— Problem details —
Set down, please, exactly the lines below that run from the line with "由北京大学国际合作部主办、北" to the line with "袖ロング&ボリュームのボートネックニットトップス黒ネイビー", both lines included.

— Data supplied —

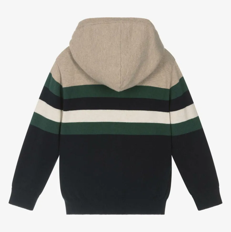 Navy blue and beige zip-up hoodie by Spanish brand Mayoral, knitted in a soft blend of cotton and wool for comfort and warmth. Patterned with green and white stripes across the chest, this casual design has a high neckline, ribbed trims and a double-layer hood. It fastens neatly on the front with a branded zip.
* * *
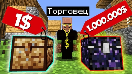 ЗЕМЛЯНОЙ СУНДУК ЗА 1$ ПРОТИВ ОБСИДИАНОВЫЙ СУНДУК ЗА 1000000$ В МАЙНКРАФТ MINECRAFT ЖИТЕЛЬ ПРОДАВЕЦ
* * *
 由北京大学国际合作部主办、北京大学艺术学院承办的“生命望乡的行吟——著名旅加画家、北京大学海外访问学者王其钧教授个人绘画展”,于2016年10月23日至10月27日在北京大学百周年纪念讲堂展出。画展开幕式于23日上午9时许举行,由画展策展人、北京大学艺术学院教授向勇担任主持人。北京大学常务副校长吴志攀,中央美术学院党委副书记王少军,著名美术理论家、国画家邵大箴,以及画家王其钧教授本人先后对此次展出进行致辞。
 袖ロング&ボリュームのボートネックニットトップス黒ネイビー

— Exercise answer —
 由北京大学国际合作部主办、北京大学艺术学院承办的“生命望乡的行吟——著名旅加画家、北京大学海外访问学者王其钧教授个人绘画展”,于2016年10月23日至10月27日在北京大学百周年纪念讲堂展出。画展开幕式于23日上午9时许举行,由画展策展人、北京大学艺术学院教授向勇担任主持人。北京大学常务副校长吴志攀,中央美术学院党委副书记王少军,著名美术理论家、国画家邵大箴,以及画家王其钧教授本人先后对此次展出进行致辞。
 袖ロング&ボリュームのボートネックニットトップス黒ネイビー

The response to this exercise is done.